INPUT:
════════

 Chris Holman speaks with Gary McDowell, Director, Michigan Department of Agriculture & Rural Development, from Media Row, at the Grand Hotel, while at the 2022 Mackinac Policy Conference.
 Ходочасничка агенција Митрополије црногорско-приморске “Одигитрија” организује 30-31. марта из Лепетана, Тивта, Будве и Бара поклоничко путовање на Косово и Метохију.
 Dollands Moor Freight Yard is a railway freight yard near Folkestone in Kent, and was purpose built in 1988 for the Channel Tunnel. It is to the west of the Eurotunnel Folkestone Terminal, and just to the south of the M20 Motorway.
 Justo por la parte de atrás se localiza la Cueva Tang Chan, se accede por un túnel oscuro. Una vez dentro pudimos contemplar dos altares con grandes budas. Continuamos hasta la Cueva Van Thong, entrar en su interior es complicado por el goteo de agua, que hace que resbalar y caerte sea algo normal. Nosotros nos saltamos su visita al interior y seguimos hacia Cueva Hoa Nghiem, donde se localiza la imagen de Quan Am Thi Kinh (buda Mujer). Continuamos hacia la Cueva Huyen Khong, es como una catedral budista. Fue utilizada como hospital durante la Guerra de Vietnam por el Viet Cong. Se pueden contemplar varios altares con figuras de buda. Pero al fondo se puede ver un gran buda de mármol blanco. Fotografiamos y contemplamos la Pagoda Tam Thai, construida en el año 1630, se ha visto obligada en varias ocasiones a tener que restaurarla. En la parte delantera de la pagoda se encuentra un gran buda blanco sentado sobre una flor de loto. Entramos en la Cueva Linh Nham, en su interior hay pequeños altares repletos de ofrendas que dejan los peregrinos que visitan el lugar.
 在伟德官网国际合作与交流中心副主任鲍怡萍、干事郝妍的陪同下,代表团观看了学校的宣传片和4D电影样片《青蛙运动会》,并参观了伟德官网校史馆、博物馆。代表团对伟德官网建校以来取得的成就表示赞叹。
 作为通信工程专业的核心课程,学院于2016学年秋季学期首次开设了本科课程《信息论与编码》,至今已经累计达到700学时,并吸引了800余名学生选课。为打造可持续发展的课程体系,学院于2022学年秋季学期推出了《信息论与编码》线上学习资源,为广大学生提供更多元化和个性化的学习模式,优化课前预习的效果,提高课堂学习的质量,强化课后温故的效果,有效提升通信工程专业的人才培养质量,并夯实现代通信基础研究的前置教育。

════════

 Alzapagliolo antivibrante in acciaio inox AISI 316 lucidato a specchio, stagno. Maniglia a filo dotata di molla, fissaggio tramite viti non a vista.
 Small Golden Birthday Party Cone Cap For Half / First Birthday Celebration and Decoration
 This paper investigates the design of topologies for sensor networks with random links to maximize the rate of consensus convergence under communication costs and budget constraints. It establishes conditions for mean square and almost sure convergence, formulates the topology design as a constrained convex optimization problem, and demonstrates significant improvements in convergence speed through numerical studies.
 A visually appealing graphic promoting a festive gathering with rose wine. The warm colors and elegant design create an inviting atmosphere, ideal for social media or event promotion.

════════

WORK INSTRUCTIONS: When you reach the line containing "Chris Holman speaks" in the data above, start copying exactly, and stop after the line containing "Dollands Moor Freight".

SOLUTION TO THE PROBLEM:
 Chris Holman speaks with Gary McDowell, Director, Michigan Department of Agriculture & Rural Development, from Media Row, at the Grand Hotel, while at the 2022 Mackinac Policy Conference.
 Ходочасничка агенција Митрополије црногорско-приморске “Одигитрија” организује 30-31. марта из Лепетана, Тивта, Будве и Бара поклоничко путовање на Косово и Метохију.
 Dollands Moor Freight Yard is a railway freight yard near Folkestone in Kent, and was purpose built in 1988 for the Channel Tunnel. It is to the west of the Eurotunnel Folkestone Terminal, and just to the south of the M20 Motorway.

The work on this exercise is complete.